“This time I got a good start, and it was vital I did, because the guys with KERS had 20 metres on us away from the grid. At one point Kovalainen was coming fast with the power button, but I managed to keep him back, and altogether had a great first lap – in fact, it really made my race.”
Monza brought another victory for the oldest man in the business, and, as at Valencia, Rubens Barrichello drove a beautiful race, hard and fast all the way, quite devoid of error.
This was the team’s fourth 1-2 of the season, but the first in which Barrichello finished ahead. “I’ve put a brave face on it recently,” smiled Jenson Button, “but actually I hate this guy!
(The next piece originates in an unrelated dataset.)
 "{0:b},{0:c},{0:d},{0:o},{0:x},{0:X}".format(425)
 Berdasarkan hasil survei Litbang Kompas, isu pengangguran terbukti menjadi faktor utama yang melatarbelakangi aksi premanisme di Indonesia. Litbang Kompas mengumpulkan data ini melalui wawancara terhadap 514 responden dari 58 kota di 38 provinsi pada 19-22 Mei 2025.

No, no, on the circuit we’re fierce rivals, but we’ve got a very good relationship.” Button, beaten by three seconds, at last added a decent number of points to his tally – but still saw his lead reduced by two, and at this stage of the game it seems a certainty that one of the Brawn drivers will be the World Champion of 2009. Red Bull had a truly dreadful time of it at Monza, Mark Webber being shoved into a gravel trap by Robert Kubica on the opening lap, and Sebastian Vettel scraping a single point after running in midfield all afternoon.
Fundamentally, this was a race between Brawn and McLaren – or, rather, Lewis Hamilton’s McLaren, for the sister car of Heikki Kovalainen was never in the hunt.
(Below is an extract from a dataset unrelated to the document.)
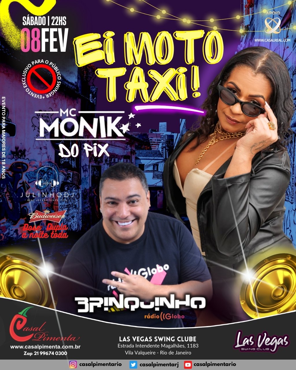 A festa com a música mais bombada de 2024! MC Monique do Pix e DJ Brinquinho da Rádio Globo com o melhor do Funk! Shows interativos com Addara e Rodrigo Barbosa! O que acontece em Vegas, fica em Vegas!

The two teams came at the task of winning the Italian Grand Prix from two very different directions, and in the end it was the Brawn strategy – one-stoppers for both cars – which worked out best. “As a team, we’ve worked well this weekend,” said Button. “On Friday I was only 19th quickest – but we were working for the race, we were running a lot of fuel…”
The true potential of the Brawns became clear only in qualifying, the practice sessions being dominated largely by the Force India of Adrian Sutil.
Force India people had stressed that their cars’ showing at Spa had been no fluke, that they anticipated more of the same at Monza: they were on the money. Giancarlo Fisichella may have been fulfilling his lifetime’s ambition in stepping aboard a Ferrari, and probably he wouldn’t have traded the experience for the world, but as he struggled to acclimatise to his new car (qualifying an eventual 14th) he just may have cast a wistful glance at what he had left behind.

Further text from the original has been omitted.